Figure 1. Comparing HD and MS biomarker residual levels after adjusting for race, age, and sex. Mean comparisons between HD and MS biomarker Z score residuals after matching and adjusting for race, age, and sex and p-values after adjusting for multiple comparisons are shown. All comparisons are shown in table format in (A,B) and graphical depictions are also presented for blood APRs (C) and CSF markers (D) individually that demonstrated differences between HD and MS patients. MS patients had higher levels of ferritin in the blood and elevated levels of CHI3L1, sCD27, sBCMA, IgG, and IgG index in the CSF. Serum albumin and transferrin were decreased in MS patients, which is suggestive of an increased inflammatory profile due to these proteins being negative APRs. *p < 0.05, **p < 0.01, ****p < 0.0001. APR, acute phase reactant; CHI3L1, chitinase-3-like 1; CRP, C-reactive protein; CSF, cerebrospinal fluid; ESR, erythrocyte sedimentation rate; HD, healthy donor; IgG, immunoglobulin G; MS, Multiple Sclerosis; sBCMA, soluble B cell maturation antigen; sCD, soluble cluster of differentiation; SD, standard deviation; WBC, white blood cell count.
Next, to reduce dimensionality and strengthen the robustness of analyses, we derived more global measures of systemic inflammation, as was done previously for Alzheimer's Disease (17). To do so, we first multiplied the Z scores of the negative blood APRs serum albumin, iron, and transferrin by −1 (since the levels of these proteins decrease in response to inflammation) after adjusting for confounding factors as described in the Methods. Pearson correlations between pairs of biomarker Z score residuals were then calculated to create biologically-relevant biomarker clusters. These clusters were dichotomized between blood and intrathecal inflammatory biomarkers so that blood biomarkers were only clustered with other blood biomarkers and vice versa with CSF biomarkers. This method identified three separate biomarker clusters in the blood (Figure 2). Blood cluster 1 contained ceruloplasmin, C-reactive protein (CRP), erythrocyte sedimentation rate (ESR), and iron. Blood cluster 2 consisted of white blood cell count (WBC) and serum albumin, while ferritin and transferrin comprised Blood cluster 3. Although in the CSF we found that, aside from CSF albumin, all CSF biomarkers correlated with each other, we kept inflammatory biomarkers of activated myeloid lineage cells (sCD14, sCD163, and CHI3L1; CSF cluster 1) separate from biomarkers of humoral immunity (IgG, IgG index, and sBCMA; CSF cluster 2) and from sCD27 (a biomarker predominantly secreted by activated T cells, but also released in lower quantities by other immune cell types; (2) and CSF albumin (Figure 3). This separation allowed us to investigate the effects of systemic inflammation on different components of intrathecal immunity separately. Correlations between blood and CSF biomarker clusters and the biomarkers that comprise them are shown graphically in Supplementary Figure 3.

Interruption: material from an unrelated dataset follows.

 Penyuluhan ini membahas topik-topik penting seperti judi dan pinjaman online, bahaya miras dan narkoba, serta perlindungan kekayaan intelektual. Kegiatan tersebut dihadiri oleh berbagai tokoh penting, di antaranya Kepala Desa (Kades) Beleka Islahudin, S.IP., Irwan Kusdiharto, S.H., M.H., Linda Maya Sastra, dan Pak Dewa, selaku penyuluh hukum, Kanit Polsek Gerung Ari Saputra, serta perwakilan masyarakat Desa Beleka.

Figure 2. Blood biomarkers can be clustered to create more globalized, biologically-relevant measures of systemic inflammation. Z scores of negative APRs in the blood (serum albumin, iron, and transferrin) were first multiplied by −1 and subsequently adjusted for race, age, and sex. Afterwards, Pearson correlations between individual blood biomarker Z score residuals were calculated. Biomarkers that correlated were subsequently grouped into clusters. This resulted in three separate clusters: the first containing ceruloplasmin, CRP, ESR, and iron (A); the second comprised of serum albumin and WBC (B); and the third with ferritin and transferrin (C). The axes are selected to have better visual assessment of majority of patients' biomarkers. Thus, a few individual points may be missing in these graphs. APR, acute phase reactant; CRP, C-reactive protein; ESR, erythrocyte sedimentation rate; MS, Multiple Sclerosis; WBC, white blood cell count.

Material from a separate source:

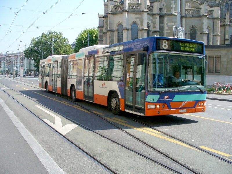 TG - Volvo Gelenkbus Nr. 381 eingeteillt auf der Linie 8 nach VEYRIER DOUANE in den Strassen von Genf ( Genève )am 06.05.2007

Figure 3. CSF biomarkers can be clustered into biologically-relevant measures of intrathecal inflammation. Pearson correlations between individual CSF biomarker Z score residuals were calculated. Biomarkers that correlated with others were grouped into clusters. Because nearly all of the measured CSF biomarkers correlated with each other in patients with MS (data not shown), two clusters were made; the first using the biologically-related CSF myeloid lineage markers CHI3L1, sCD14, and sCD163 (A) and the second comprising of sBCMA, CSF IgG, and IgG index (B). All other CSF biomarkers not included in these clusters (CSF albumin and sCD27) were used for future analyses as standalone proteins. The axes are selected to have better visual assessment of majority of patients' biomarkers. Thus, a few individual points may be missing in these graphs. CHI3L1, chitinase-3-like 1; CSF, cerebrospinal fluid; IgG, immunoglobulin G; MS, Multiple Sclerosis; sBCMA, soluble B cell maturation antigen; sCD, soluble cluster of differentiation.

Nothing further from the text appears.